Those skilled in the art will recognize that portions of the present invention may be incorporated as computer instructions stored as computer program code on a computer-readable medium such as a magnetic disk, CD-ROM, and other media common in the art or that may yet be developed.
Finally, aspects of the present invention can be implemented as an application, namely, a set of instructions (e.g., program code) which may, for example, be resident in the random access memory of a computer system. Until required by the computer system, the set of instructions may be stored in another computer memory, for example, in a hard drive, or in a removable memory such as an optical disk (for eventual use in a CD-ROM) or floppy disk (for eventual use in a floppy disk drive), or downloaded via the Internet or other computer network. In addition, although the various methods of the present invention described above can be conveniently implemented in a computer system selectively activated or reconfigured by software, one of ordinary skill in the art would also recognize that such methods of the present invention may be carried out in hardware, firmware, or in a more specialized apparatus constructed to perform the required methods of the present invention.

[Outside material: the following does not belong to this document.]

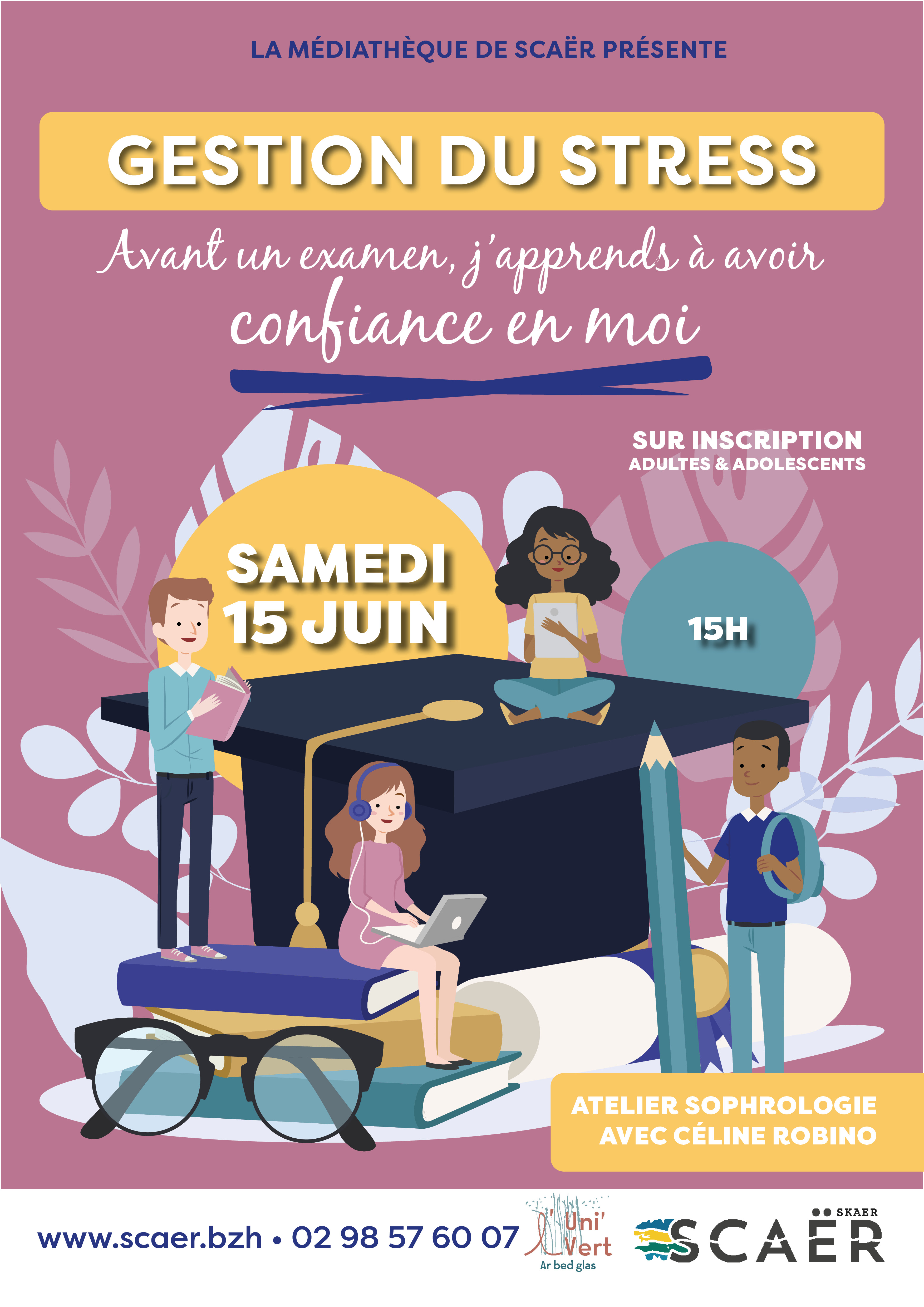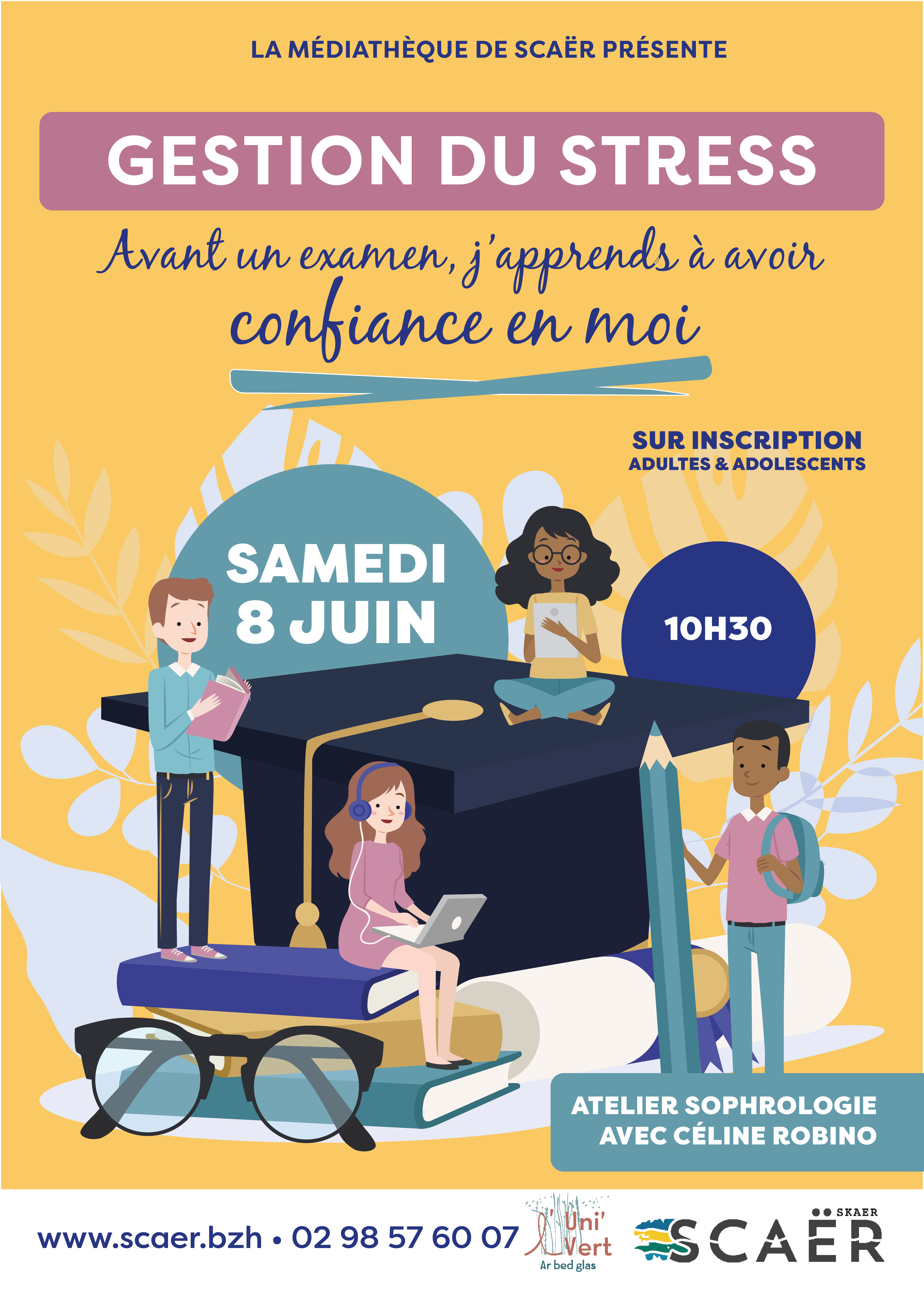 "Il s'agit d'ateliers pour prendre confiance en soi. Mobiliser toutes ses compétences, ses connaissances à l’instant T et savoir garder une parole fluide et conserver une attitude sereine sont des atouts pour les examens et les oraux qui se travaillent en amont. Familière de ces préparations grâce à ses interventions dans les collèges et lycées Céline Robino, sophrologue, pourra aider et accompagner les ados durant les deux séances de sophrologie du mois de juin. Le 8 et le 15 juin. Attention le nombre de place est limité, l’inscription est nécessaire.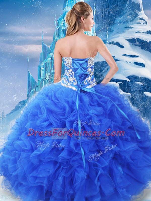 Smart Sweetheart Sleeveless Vestidos de Quinceanera Floor Length Beading and Ruffles Blue Organza

The foregoing descriptions of specific embodiments of the present invention have been presented for purposes of illustration and description. They are not intended to be exhaustive or to limit the invention to the precise forms disclosed, and many modifications and variations are possible in light of the above teaching. The embodiments were chosen and described in order to best explain the principles of the invention and its practical application, to thereby enable others skilled in the art to best utilize the invention and various embodiments with various modifications as are suited to the particular use contemplated. It is intended that the scope of the invention be defined by the Claims appended hereto and their equivalents.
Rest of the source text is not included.